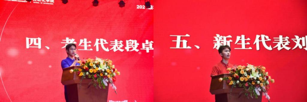 老生代表段卓宇以“风华正茂,引吭高歌”为主题,鼓励新生们上下求索无涯之知、洞察自我实现价值。新生代表刘默涵则以“行将致远,智驭未来”为主题,倡议大家珍惜机遇,将人生理想汇进时代洪流,将奋斗作为青春最靓丽的底色。
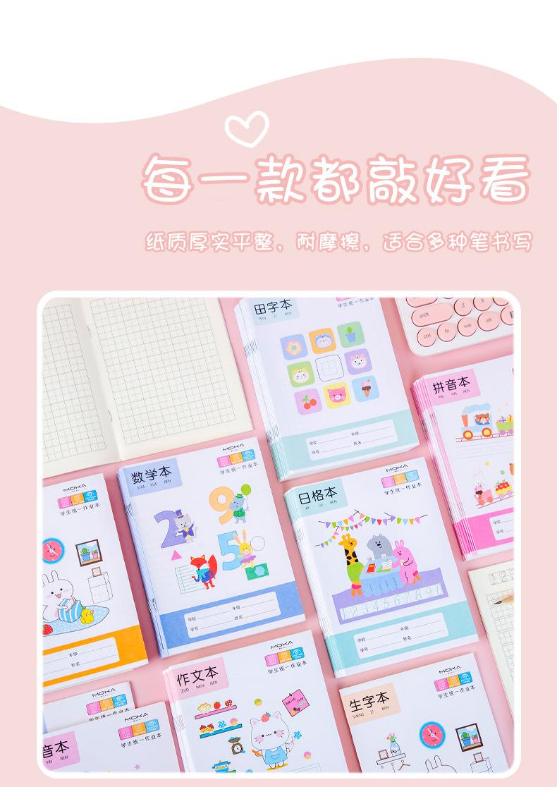 MOKA English book, Large math book, Large Composition Book, Large Chinese book, Small size small regular scrip...
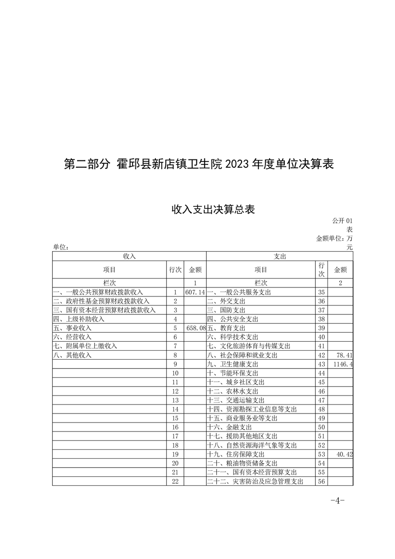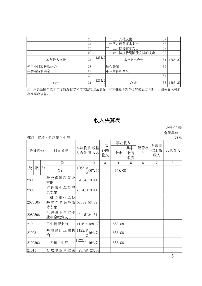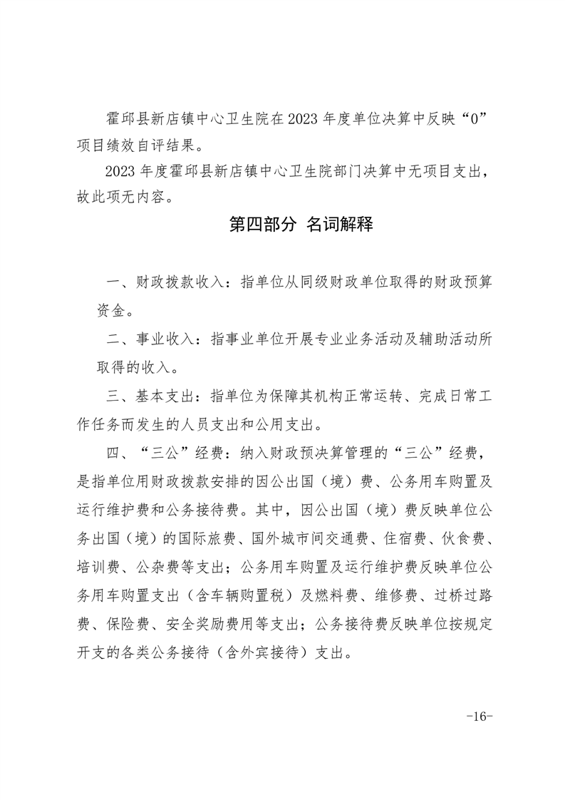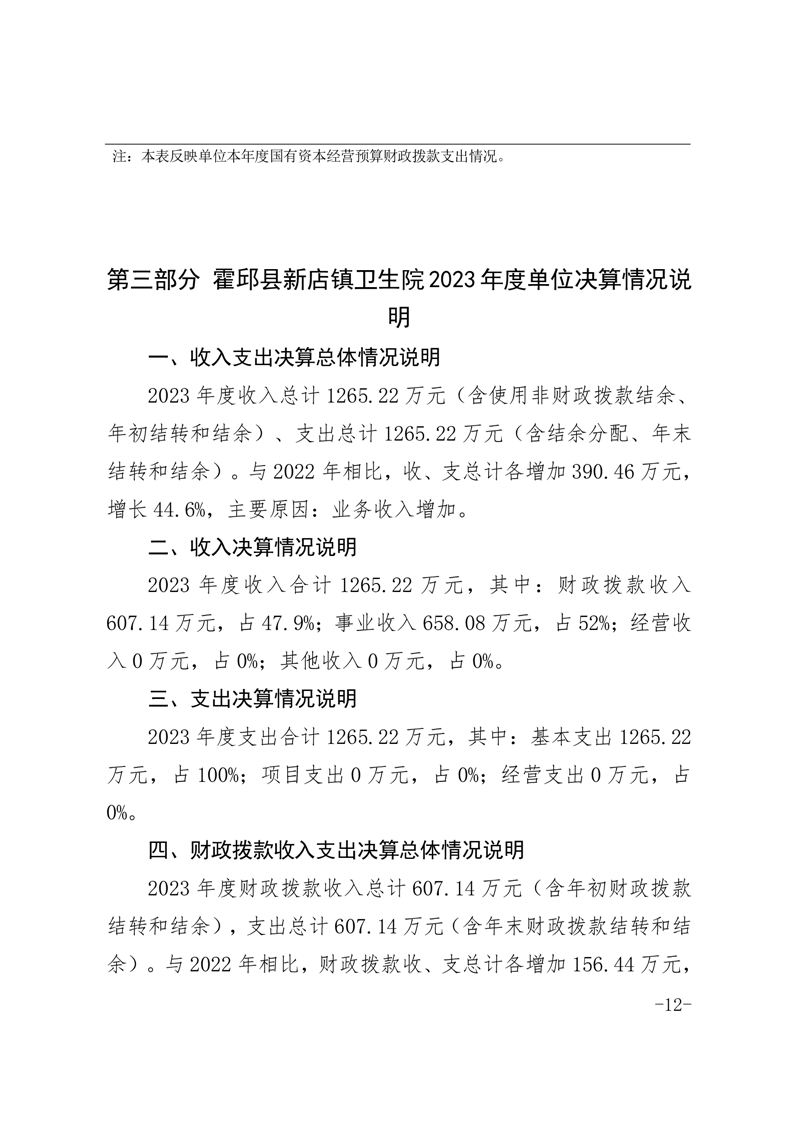 霍邱县新店镇卫生院2023年度决算公开
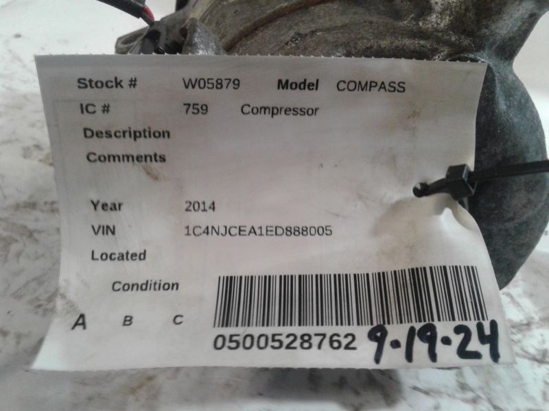 Powered by Frooition All Items See our eBay store for more great items >> Shop Categories All Categories AC Compressor Classic Style Vertical Rear Door Handle Fits 08-17 COMPASS 1894833 Item Description This listing is for an A/C compressor removed from the vehicle pictured. It is guaranteed to be in good working condition. eBay compatibility may be incorrect. See below for fitment information and any notes pertaining to this specific part. Feel free to contact us if you have any questions. Thanks for looking! Donor Vehicle: Year: 2014 Model: COMPASS Stock #: W05879 Mileage: 121000 Notes: OFF READY 6MO.1YEAR.3YEAR. LABOR This part will only fit: CALIBER 09-12 COMPASS 08 MT, from 1/04/08 COMPASS 09-10 MT COMPASS 11-16 COMPASS 17 classic style (vertical rear door handle), PATRIOT 08 MT, from 1/04/08 PATRIOT 09-10 MT PATRIOT 11-17 For more parts from this vehicle, CLICK HERE . About Us About Us Payment Shipping Terms Returns About Us We are a family-owned business with over 30 years in the used car parts industry. We're proud to provide excellent quality used auto parts at famously discounted prices! Over time we have grown to 4 locations in Harrison, MI, Lansing, MI, Saint Johns, MI, and Toledo, OH. We are here to serve you Monday thru Friday 8 a.m. to 5 p.m. EST. If you have any concerns or questions, please feel free to message us here on eBay. We will normally get back to you within 12 hours during the work week. Payment Payment We accept Paypal, all major credit cards and cash (if you are picking up the item). Payment is required within 2 days of winning a listing. If payment is not made after 2 days, an unpaid item case will be opened. Shipping Shipping Most items will ship ground with UPS or USPS. We may use other carriers at our discretion. In some instances, freight orders will require a business address with a loading dock or forklift. A good working phone number is required for all orders. Local pickup is also an option on any order. Our 4 locations are open Monday thru Friday from 8 a.m. to 5 p.m. EST. Please check with us before driving out to make sure we have the part ready at the location nearest to you. Terms Terms Most items include a 90-day warranty (unless otherwise indicated). This coverage is included on all new or used parts unless otherwise stated in the listing or on the front of the invoice. This warranty is non-transferable. Labor is not covered under any circumstance unless a separate labor warranty is purchased. Extended warranties are also available. Please see our website for complete details and exclusions. Returns Returns We allow 60 days for returns. If you ordered the incorrect part or simply do not need it, you are responsible for the origin and return shipping. Helpful Links Add to Favorite Sellers Sign up to Newsletter View Feedback Contact Seller Visit seller's eBay Shop About Seller Page More Items! View more great items! Powered by Frooition Frooition | No-js Template | eBay design, eBay store design, eBay shop design, eBay template design, eBay listing design (ver:froo_no_js) This listing is currently undergoing maintenance, we apologise for any inconvenience caused.
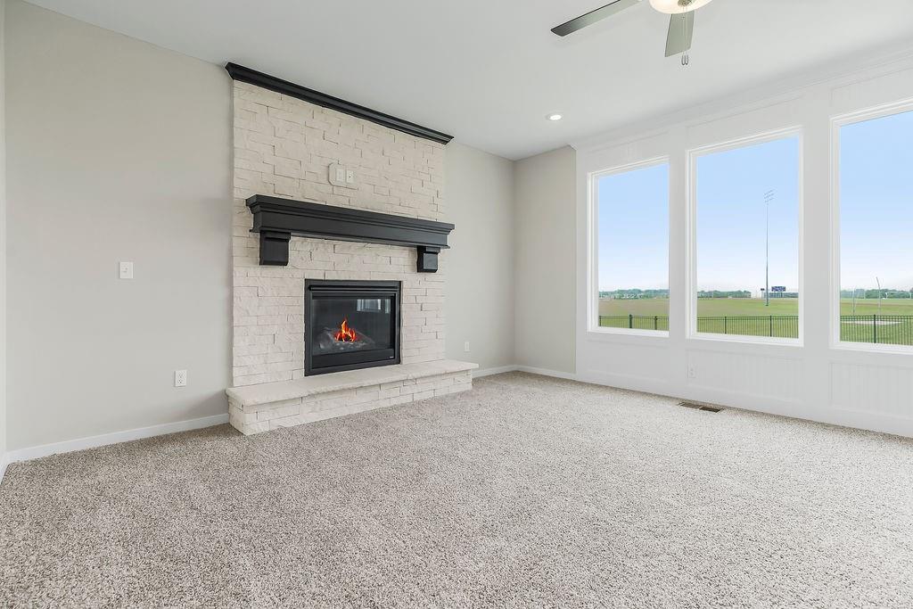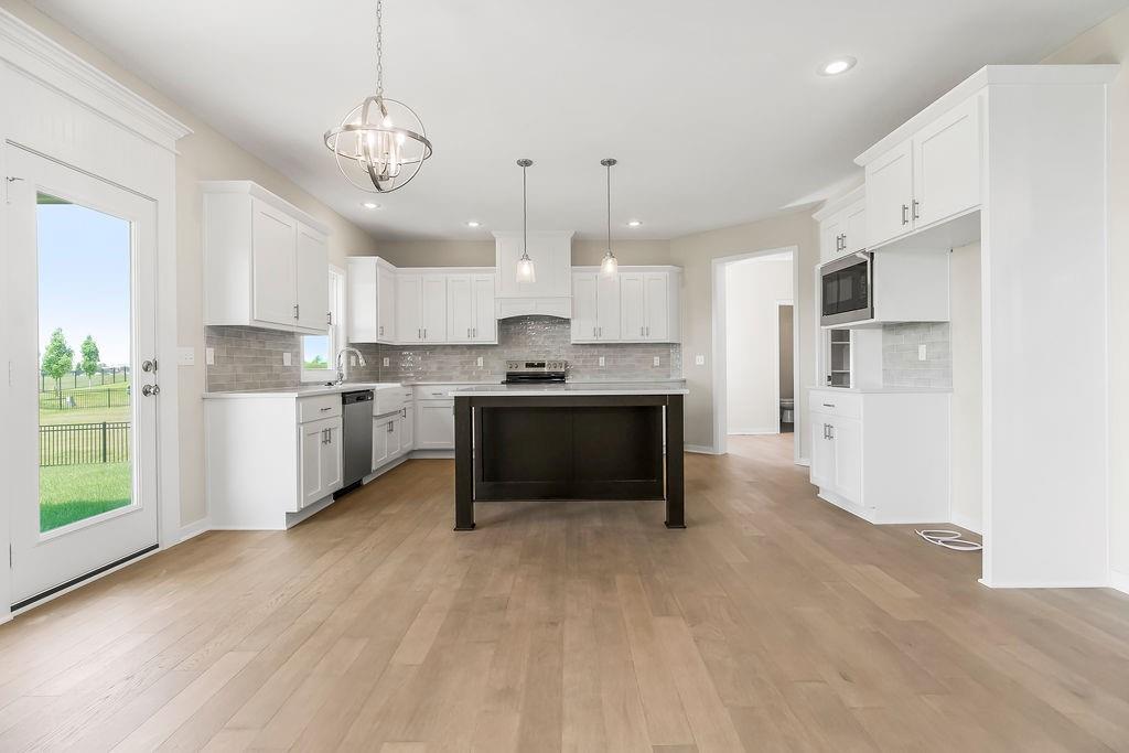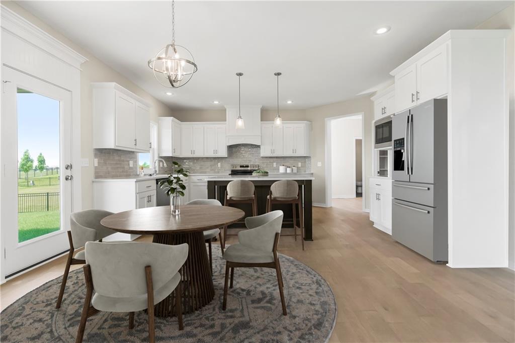 $10,000 price improvement on the popular Levi XL by Prieb Homes. Now Move-In-Ready! 5 bedrooms and 4 baths located on a large homesite that backs to greenspace. Front Porch elevation. The Dining Room is located off the front hall and offers a beautiful room to celebrate with family/friends. The Great Room has a stone fireplace with wood mantle. The Kitchen has a Large Quartz Center Island with counter seating, includes eat in area for kitchen table, and a large walk-in pantry. There is also a 5th bedroom/flex room on the 1st floor right off the Mudroom with Boot Bench and Entry Closet. Large Primary Bedroom and Primary Bath Walk-in Shower is upstairs with the other 3 bedrooms, 2 baths and laundry room. All bedrooms have vaulted ceilings, tiled floors in all bathrooms and laundry room. Covered Patio and Sprinkler System included outside. Sq. Ft. of home is Approx. please verify with onsite agent. Stonebridge community amenities include 4 Pools, 2 Clubhouses (1 is a gym), Parks, Playgrounds, Trails and Sport Courts. We are located right next to 1238 Acre Heritage Park is 2.2 miles away with a Lake, Dog Park, Sports Parks, Golf Trails and so much more. Garmin International Headquarters 2.0 miles away. 1-35 and 151st Street 2.4 miles for easy highway access and Olathe Medical Center Pavilion Hospital is 4.6 miles. 7 Acre Arbor Landing Park is 0.3 miles. Our Rodrock Development "Mom's Council" and Social Committee are quite active. 2020 National Blue Ribbon award winning Prairie Creek Elementary and Woodland Spring Middle School are 0.2 miles away in the community. Photos are of the actual home. Taxes are estimated. Mileage is estimated.

• _Task to carry out_
Copy exactly the lines of the listing above between the one holding "MOKA English book, Large" and the one holding "霍邱县新店镇卫生院2023年度决算公开", inclusive; omit all pictures.

• _Response box_
 MOKA English book, Large math book, Large Composition Book, Large Chinese book, Small size small regular scrip...
 霍邱县新店镇卫生院2023年度决算公开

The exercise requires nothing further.